Aussi, [U] [N] sera condamnée au paiement d’une indemnité d’occupation mensuelle correspondant au montant du dernier loyer mensuel principal, soit la somme de 566 euros, majorée de la provision mensuelle pour charges, indemnité à indexer selon les clauses du contrat résilié, à compter du 1er mai 2025, jusqu’à parfaite libération des lieux matérialisée par la remise des clés ou l’expulsion.
Sur les dépens et l’article 700 du Code de procédure civile
[U] [N], qui succombe, sera condamnée aux dépens de l’instance, lesquels seront recouvrés conformément aux dispositions de la loi sur l’aide juridictionnelle.
Il serait en outre inéquitable de laisser à la charge de [O] [S] la totalité des frais irrépétibles non compris dans les dépens. Il y a lieu de condamner [U] [N] à lui payer la somme totale de 500 euros.

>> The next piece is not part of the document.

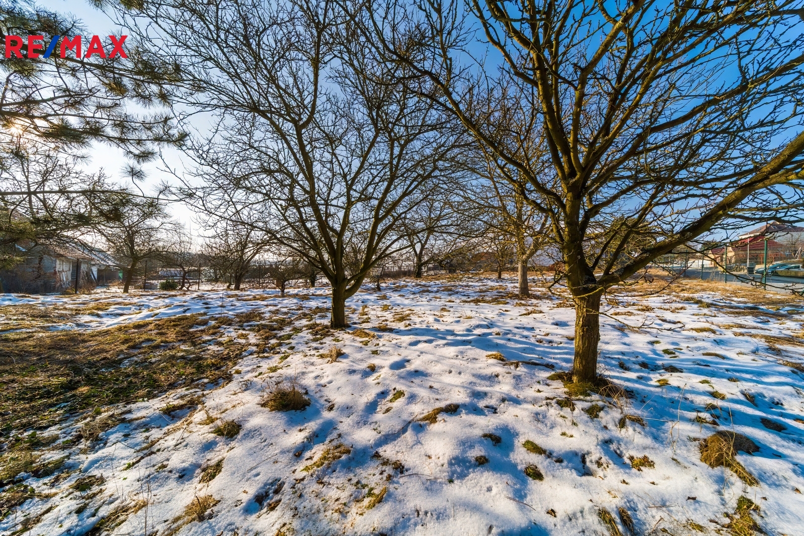 Na pozemku se nachází vzrostlé stromy, které mohou zůstat přirozenou součástí budoucí zahrady – nebo si prostor přizpůsobíte přesně podle vlastních představ.

Sur l’exécution provisoire
L’exécution provisoire, de droit en la matière, ne sera pas écartée.
PAR CES MOTIFS
Le juge des contentieux de la protection, statuant publiquement par mise à disposition au greffe, par jugement contradictoire et rendu en premier ressort,
— Constate la validité du congé délivré par [O] [S] à [U] [N], le 15 octobre 2024, à effet au 30 avril 2025;
— Constate que [U] [N] est occupante sans droit, ni titre des lieux, appartement lot n°223, porte n°620 et cave, au deuxième sous-sol, lot n°2588, au sein de la résidence [Etablissement 1], [Adresse 3], depuis le 1er mai 2025;
— Autorise [O] [S] à faire procéder, à l’issue du délai de deux mois à compter du commandement de quitter les lieux, à l’expulsion de [U] [N], ainsi que de celle de tous occupants de son chef, avec le concours de la force publique si besoin est, des lieux, appartement lot n°223, porte n°620 et cave, au deuxième sous-sol, lot n°2588, au sein de la résidence [Etablissement 1], [Adresse 3] ;
— Dit que l’occupant devra libérer les lieux, remettre les clés et établir un état des lieux de sortie contradictoire avec le bailleur ;
— Dit que le sort des meubles sera régi par les dispositions du code des procédures civiles d’exécution ;
— Condamne [U] [N] à payer à [O] [S] une indemnité d’occupation mensuelle correspondant au montant du dernier loyer mensuel principal, soit la somme de 566 euros, majorée de la provision mensuelle pour charges, indemnité à indexer selon les clauses du contrat résilié, à compter du 1er mai 2025, jusqu’à parfaite libération des lieux matérialisés par la remise des clés ou l’expulsion;
— Déboute [O] [S] du surplus de ses demandes, notamment d’astreinte de 10 euros par jour de retard à compter de la signification du jugement à intervenir;
— Déboute [U] [N] du surplus de ses demandes, notamment de délais pour quitter les lieux ;
— Condamne [U] [N] aux dépens de l’instance, lesquels seront recouvrés conformément aux dispositions de la loi sur l’aide juridictionnelle;
— Condamne [U] [N] à payer à [O] [S] la somme totale de 500 euros au titre de l’article 700 du code de procédure civile ;
— Rappelle que l’exécution provisoire de la présente décision est de droit.
Ainsi jugé et mis à la disposition du public au greffe.